● **Instructions to follow**: Leaving out all pictures, write out word for word the lines from the one containing "Head villa of" to the end of the data below.

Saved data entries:
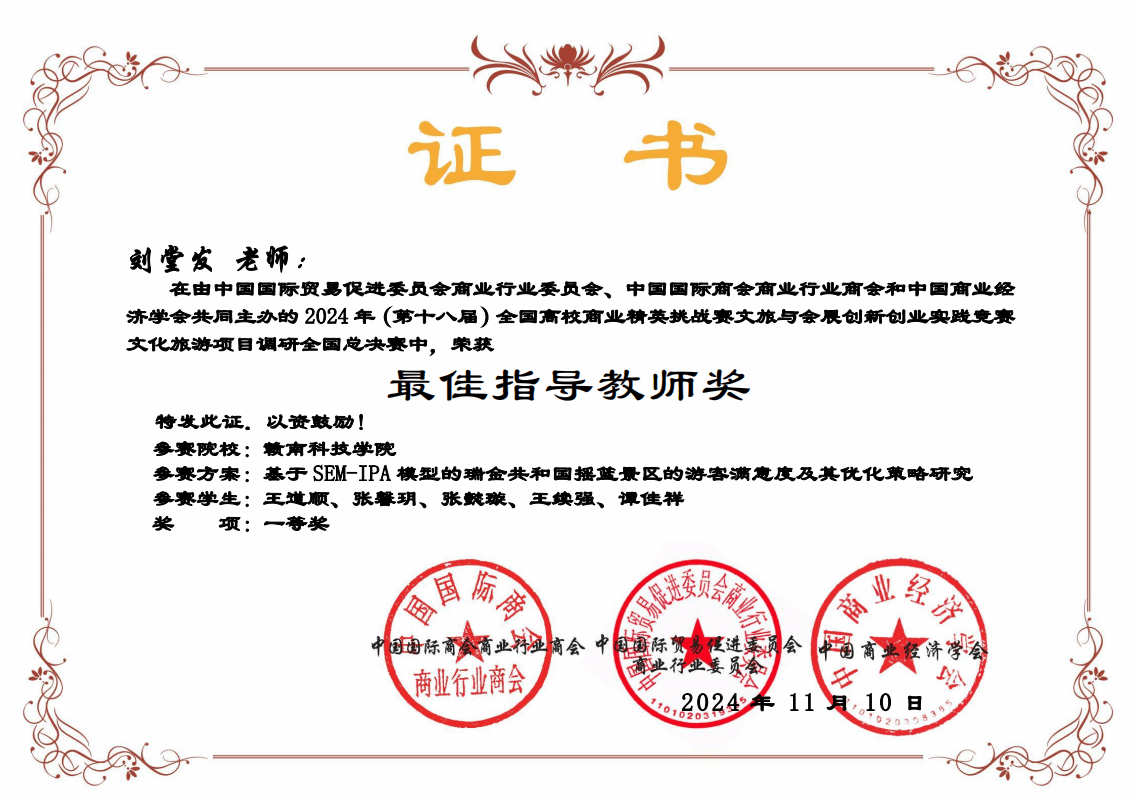 本网讯:10月26日—11月9日,第十八届全国高校商业精英挑战赛文旅与会展创新创业实践竞赛全国总决赛圆满落下帷幕。本次比赛由伟德体育官方网站刘堂发、李炜老师组织,公司参赛团队凭借扎实的专业知识、创新的思维理念和出色的团队协作精神,一路过关斩将,获全国一等奖1项、二等奖1项、三等奖2项,省赛一等奖2项、二等奖2项、三等奖7项的好成绩,最佳院校组织奖,刘堂发、李炜老师获最佳指导教师奖。
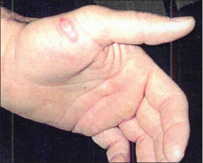 Figure 2 - A typicalulcerative lesion thatresulted from akitten bite is shownon the hand of thispatient. A round,red-brown, nontenderpapule, from 1 toseveral millimetersdevelops in the areaof the lesion.
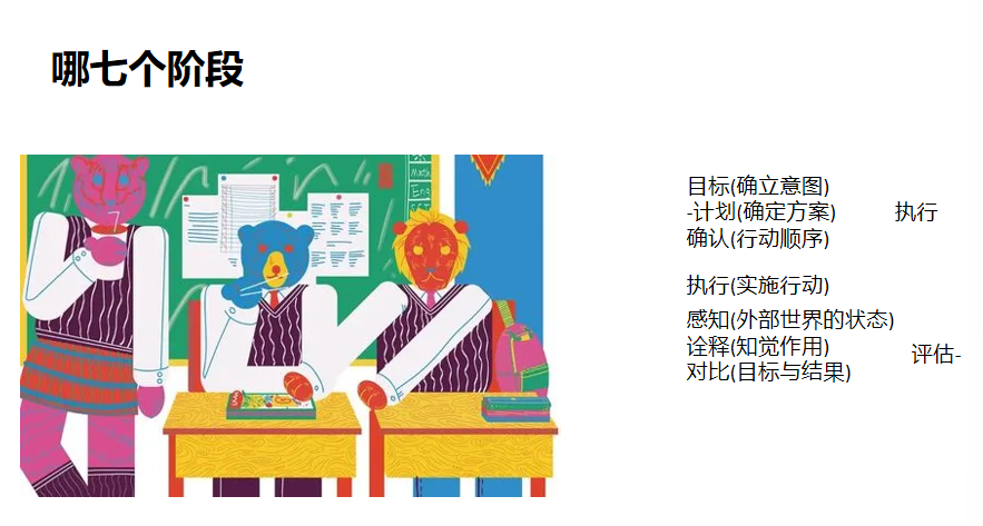 我们来下面看一下,到底行动七个阶段是哪七个阶段呢?首先说叫目标,第二个叫计划,第三个叫确认,第四个叫执行,第五叫感知,第六个叫诠释,第七个叫对比,那前三个目标、计划和确认就是用户所思考它到底怎么操作的细分的三个环节。那中间这个执行就是实际的执行,后面三个感知、诠释和对比是用户会思考,那我执行完之后会得到一个什么样的结果的三个环节?OK,还是比较好理解的好,我们前面讲完关于用户行动的 7 个层次之后,我们下面再看一个知识点,叫用户视角的理解的 3 个层次。那这里面也是辅助我们去了解到底用户行动的过程,就是我们那个叫执行和评价两个过程,通过用户认知的一个这个知识点,通过用户认知这个视角来理解,那认知这个视角的话,它一共分为哪三个层次?第一个叫本能层,第二叫行为层,第三个叫反思层。那这三个层次分别是什么意思?本能层更说的是什么?就是一种感官感受,就是我们作为用户,我们看到什么东西,唉,或者是我们拿到了什么东西,你看到是什么感觉?它好看吗?还是不好看,对不对?它给你什么感受呢?它你拿到之后它的触感怎么样?它重不重?它会不会觉得质感很高级呢?对不对?叫本能层,第二叫行为层,行为层讲的就是说当我看到这个东西,当我摸过它的时候,我就想把它用一用,使用起来看看怎么样。
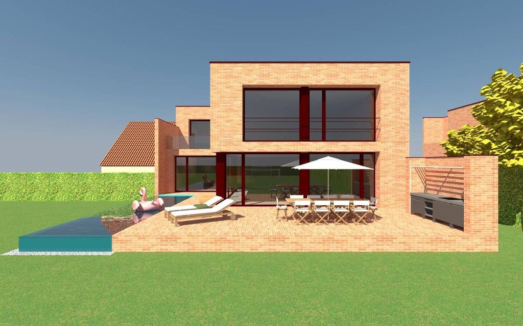 Head villa of 292 m2 habitable on two levels, outdoor living room of 103 m2, solarium roof of 169 m2, quadruple garage of 53 m2.
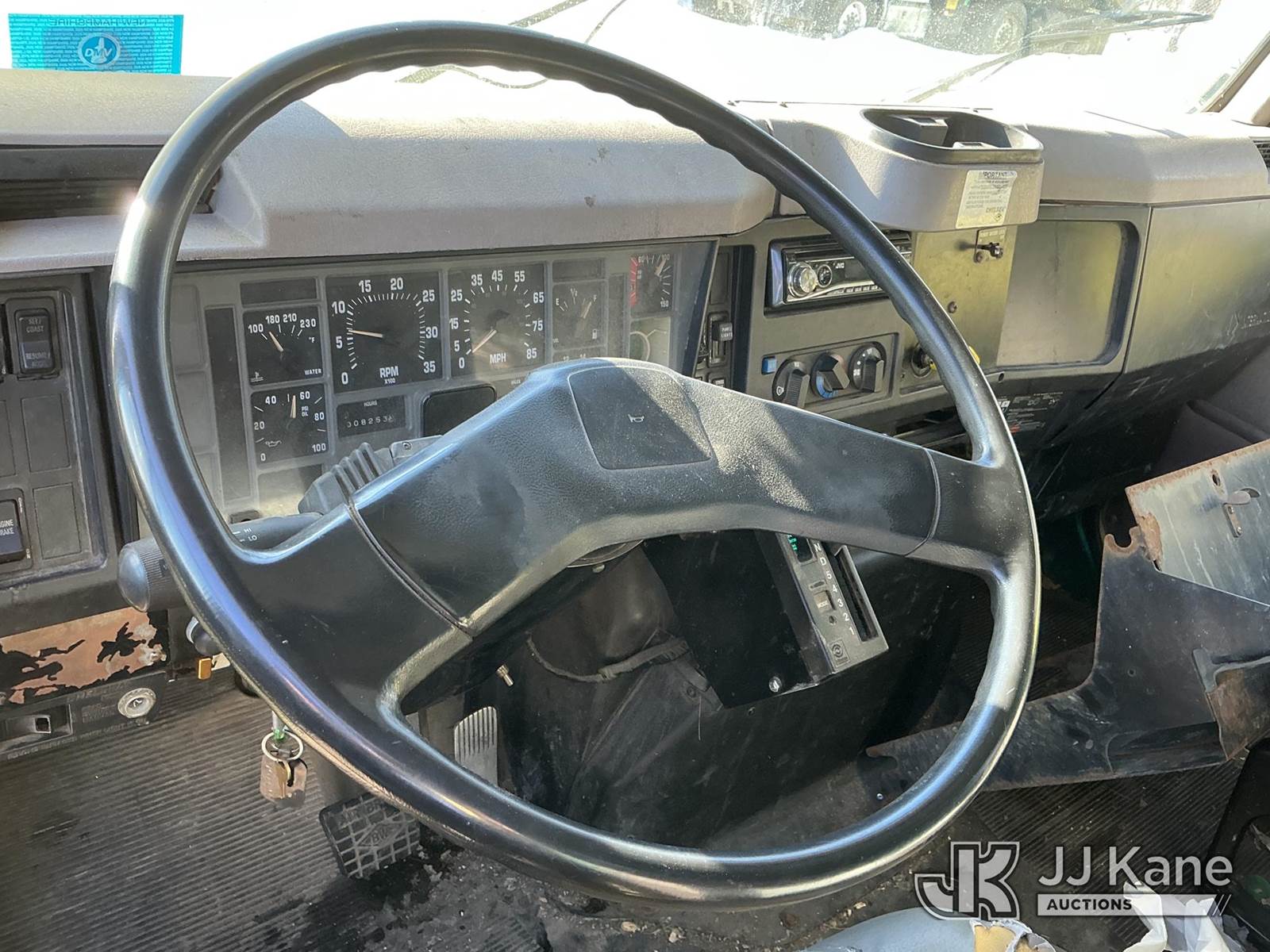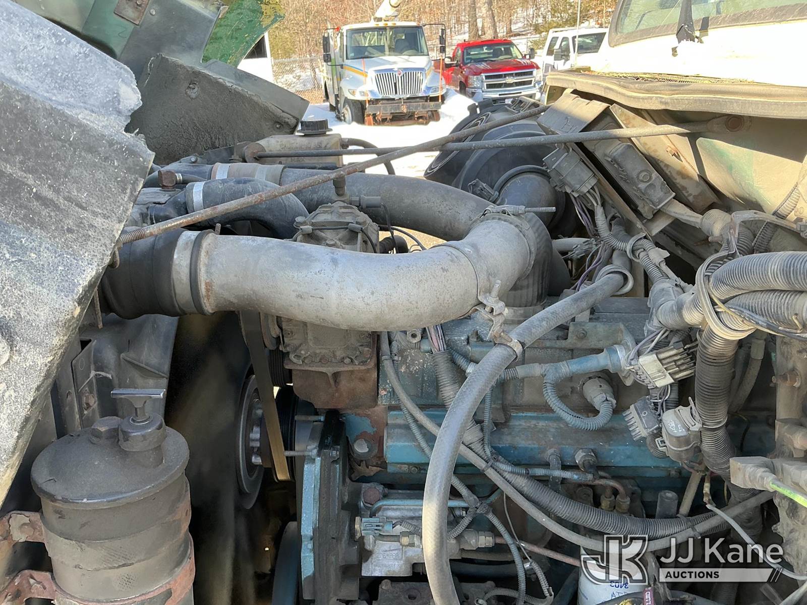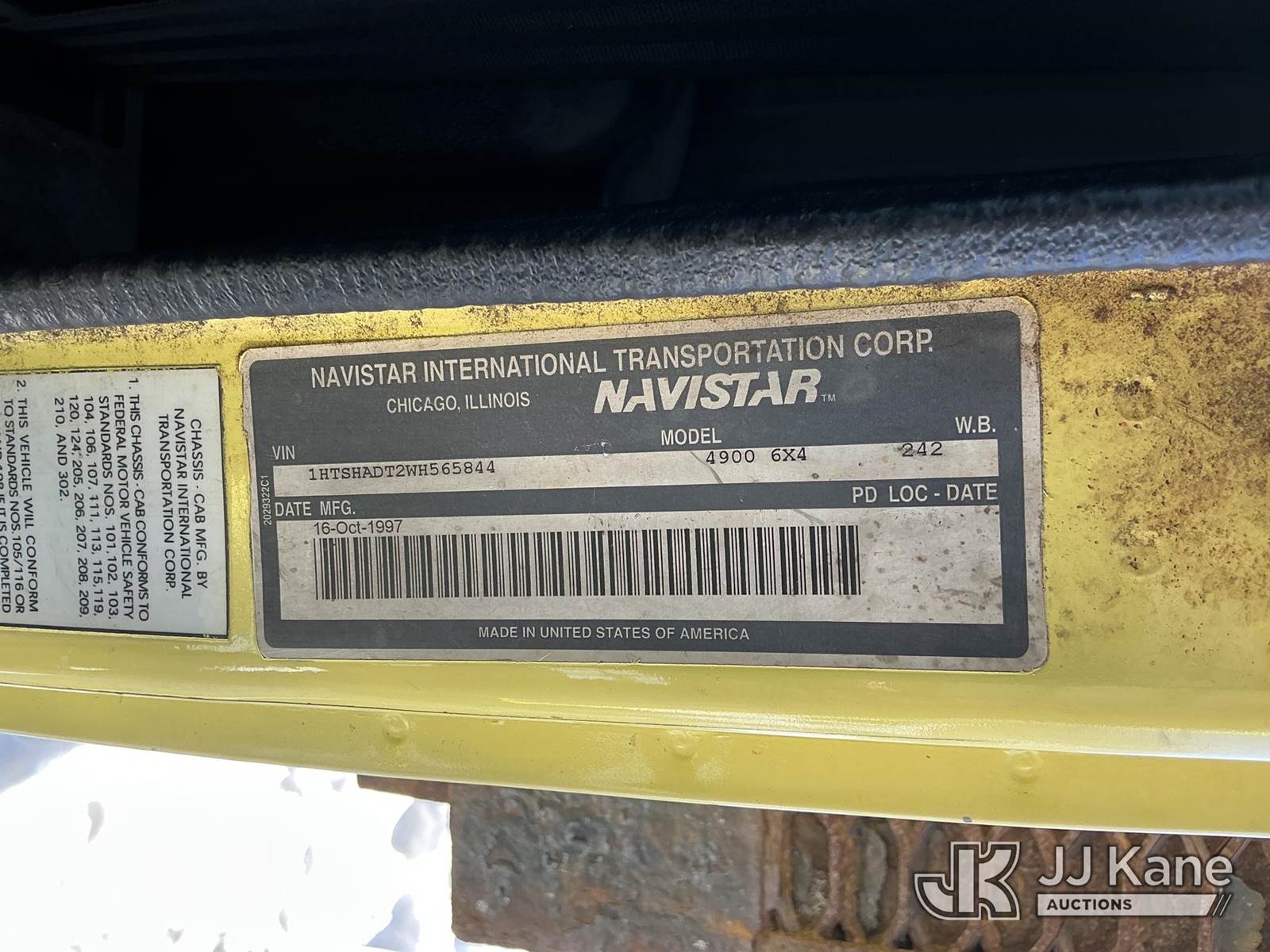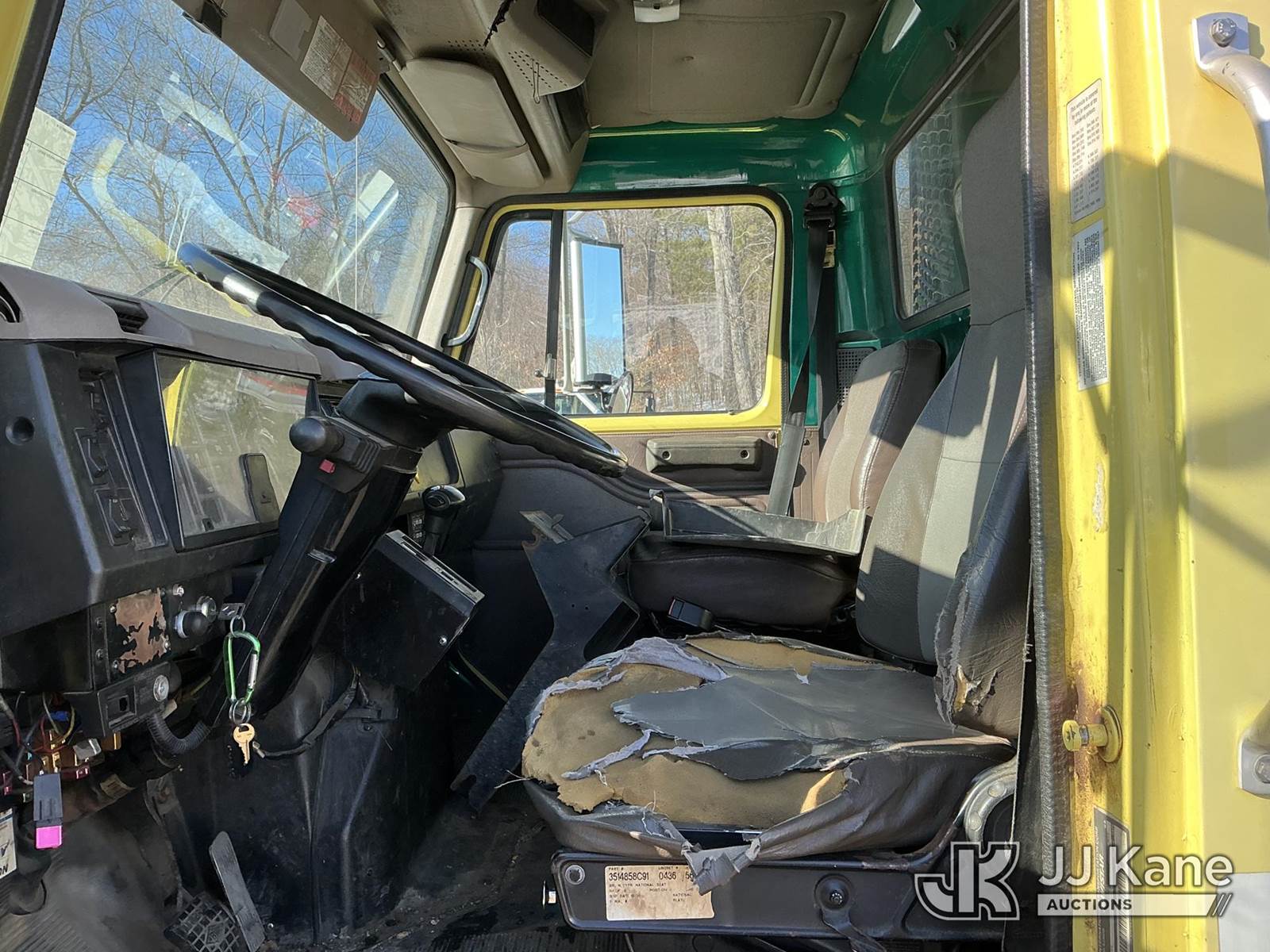 Serco 8000, 8,000 Lb Grappleboom/Log Loader Crane s/n L3814, with 27 ft reach & 2 hyd outriggers & riding console, rear mounted on 1998 International 4900 T/A Flatbed/Log Truck, DT530 6X4, diesel, Auto, (Exempt from Odometer Disclosure - Reads 120,040 miles) (Runs & Moves) (Road Side Outrigger Control Seized, Upper Condition Unknown, Road Side Door Handle Inoperable, Seller States: Loader Valve Bank & Rotary Manifold Are Leaking & Need Replacement) (Reads 8,253 hours) This is a Titled Item NOTE: This unit is being sold AS IS/WHERE IS via Timed Auction and is located in Shrewsbury, MA. Inspection & preview days for this unit are the 2 business days prior to the first day of items closing for this auction, item is located at 11 Fortune Blvd Shrewsbury, MA 01545 and hours of operations are 8a-4p. For pre-sale questions, please contact Rob Gifford @ (508) 864-4126. (Missing manuals, See Auction Company for Manufacturers Information to obtain manuals) (Buyer is responsible for removal. Assistance by consignor or JJ Kane Auctions is not assured.)

● **Written response**:
 Head villa of 292 m2 habitable on two levels, outdoor living room of 103 m2, solarium roof of 169 m2, quadruple garage of 53 m2.
 Serco 8000, 8,000 Lb Grappleboom/Log Loader Crane s/n L3814, with 27 ft reach & 2 hyd outriggers & riding console, rear mounted on 1998 International 4900 T/A Flatbed/Log Truck, DT530 6X4, diesel, Auto, (Exempt from Odometer Disclosure - Reads 120,040 miles) (Runs & Moves) (Road Side Outrigger Control Seized, Upper Condition Unknown, Road Side Door Handle Inoperable, Seller States: Loader Valve Bank & Rotary Manifold Are Leaking & Need Replacement) (Reads 8,253 hours) This is a Titled Item NOTE: This unit is being sold AS IS/WHERE IS via Timed Auction and is located in Shrewsbury, MA. Inspection & preview days for this unit are the 2 business days prior to the first day of items closing for this auction, item is located at 11 Fortune Blvd Shrewsbury, MA 01545 and hours of operations are 8a-4p. For pre-sale questions, please contact Rob Gifford @ (508) 864-4126. (Missing manuals, See Auction Company for Manufacturers Information to obtain manuals) (Buyer is responsible for removal. Assistance by consignor or JJ Kane Auctions is not assured.)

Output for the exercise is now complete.